The Syrian Observatory For Human Rights

24 buses including more than 900 displaced people aboard, depart towards the Syrian North within a new batch of displacement from Daraa towards the Syrian North

Daraa Province – The Syrian Observatory for Human Rights: the Syrian Observatory for Human Rights monitored the departure of a new batch of the displaced people towards the Syrian North, from the south-eastern countryside of Daraa, and the reliable sources confirmed that 24 buses have entered the area of Bosra Al-Sham, to start the boarding process of the fighters and citizens who refuse the agreement with the regime, where the buses have been got ready and started to be launched within a single convoy including more than 900 citizens and fighters with their families, towards the north of Syria, accompanied by buses and ambulances for the emergencies, within the continued processes of displacement from the south of Syria towards its north, where it is expected that the buses will arrive tomorrow morning, Tuesday the 24th of July 2018, in the north of Hama to be transported to shelter centers and camps.

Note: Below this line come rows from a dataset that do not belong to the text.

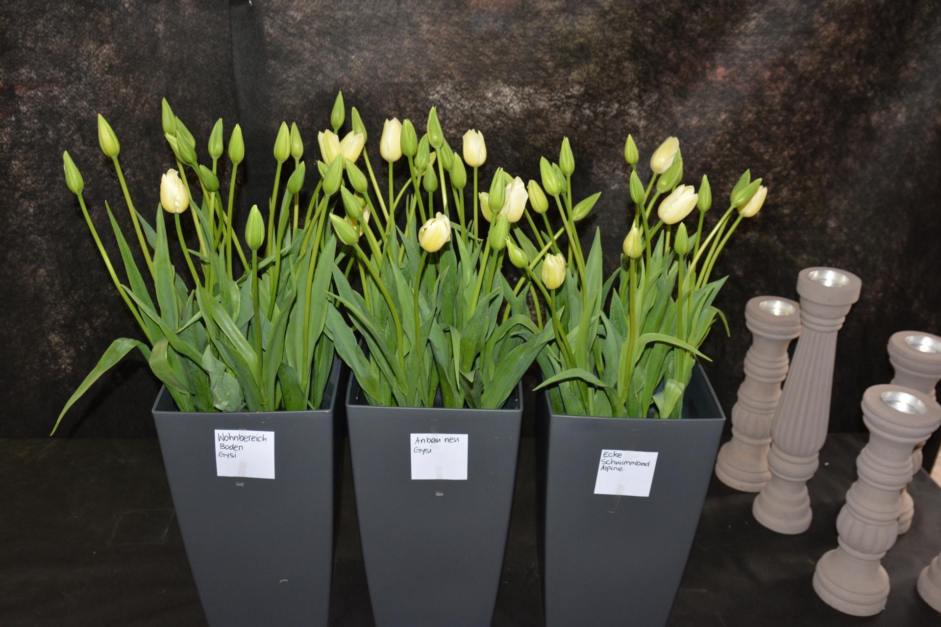 Alle Blumentöpfe und -gefässe haben einen Zettel, auf dem steht, an welcher Stelle sie in Davos aufgestellt werden sollen. Céline Schaller erarbeitete das Konzept anhand von Fotos. Sie wäre gerne vor Ort, um die Blumen in den beiden Häusern anzuschauen. Im Bild Tulpen aus italienischer Zucht, die am Freitagmorgen angeliefert wurden.
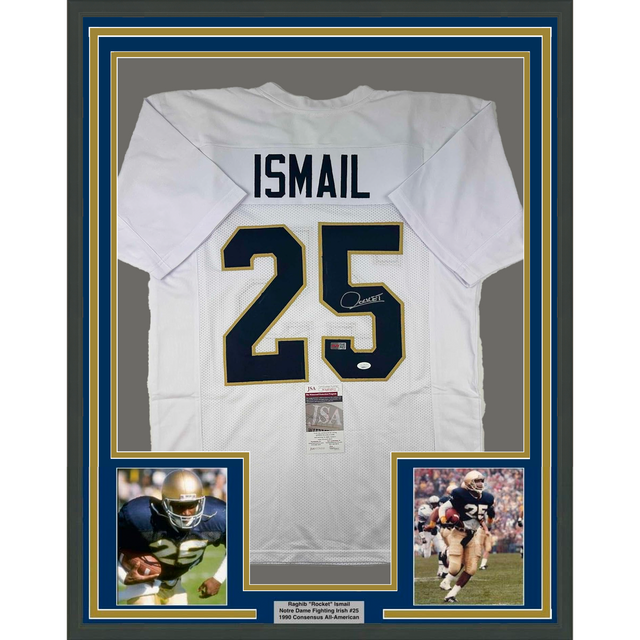 Framed Autographed/Signed Raghib Ismail Rocket 35x39 Notre Dame White College Football Jersey JSA COA
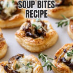 Delicious French Onion Soup Bites featuring caramelized sweet onions, melted Gruyere cheese, and flaky puff pastry, perfect as an elegant appetizer or snack for gatherings.
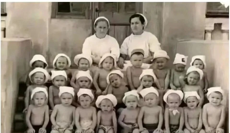 这一群小脑袋排得整整齐齐的叫托儿所大合照,头巾像一朵朵小云,把腮帮子衬得圆圆的,有的笑得露牙,有的鼓着嘴瞪镜头,老师坐中间,手搭在孩子肩上,稳稳的,那时候拍完要等显影,现在手机一按就能重来十次,可那份一蹴而就的认真劲儿不太找得回来了。
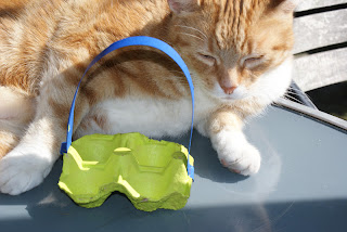 Ik maakte met de peuters afgelopen week dit zeer gemakkelijk te maken paasmandje. Het is gemaakt van die platte eierdozen...hoe heten ze ook maar weer?
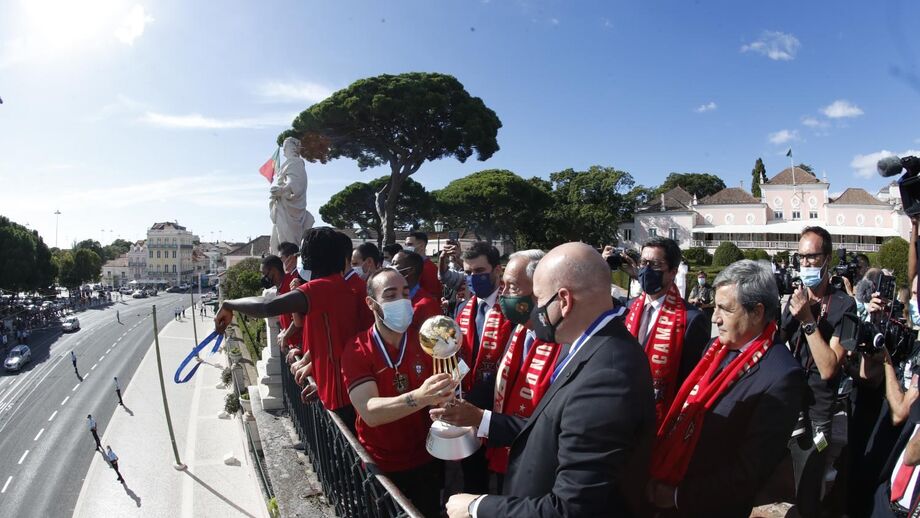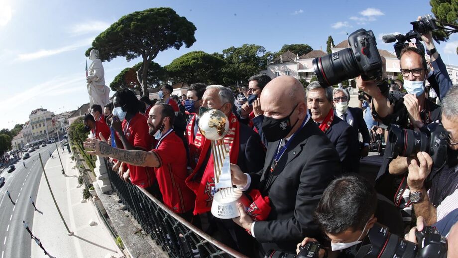 O autocarro acaba de dar entrada no Palácio de Belém. Na cerimónia, onde Marcelo Rebelo de Sousa vai atribuir à equipa as Insígnias Comendador da Ordem Infante D. Henrique, vão falar Fernando Gomes, presidente da federação, Presidente da República e Ricardinho.
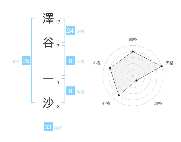 澤谷 一沙さんを姓名の画数から五運を鑑定

It is noteworthy that the Syrian Observatory published of Sunday the 22nd of July 2018, that the 2 convoys of Daraa and Quneitra have departed towards their destinations in the Syrian north, after being held for several hours by the al-Rida militia and other members of the gunmen loyal to the regime of Syrian and non-Syrian nationalities, who surrounded Daraa and Quneitra convoys which are carrying about 3400 people on board at outskirts of Homs city central Syria; while both convoys were heading towards the Syrian north according to the displacement agreement that took place in the area, and the Syrian Observatory learned from reliable sources that the reasons for the detention were attempts by these militias to pressure parties of the agreement to uncover the fate of the remaining abductees of the town of Ishtabraq, in addition to revealing the fate of tens of missing persons in al-Rashedin bombing that took place in April 2017, which caused a massacre of demographic change in which about 130 people were killed –mostly from the displaced people of al-Fu’ah and Kafriya towns– including more than 80 children and women, and tens of others were injured with varying severity, and also tens of other went missing, after they were targeted by a booby-trapped vehicle in al-Rashedin area while they were waiting to move towards areas controlled by the regime forces in Aleppo.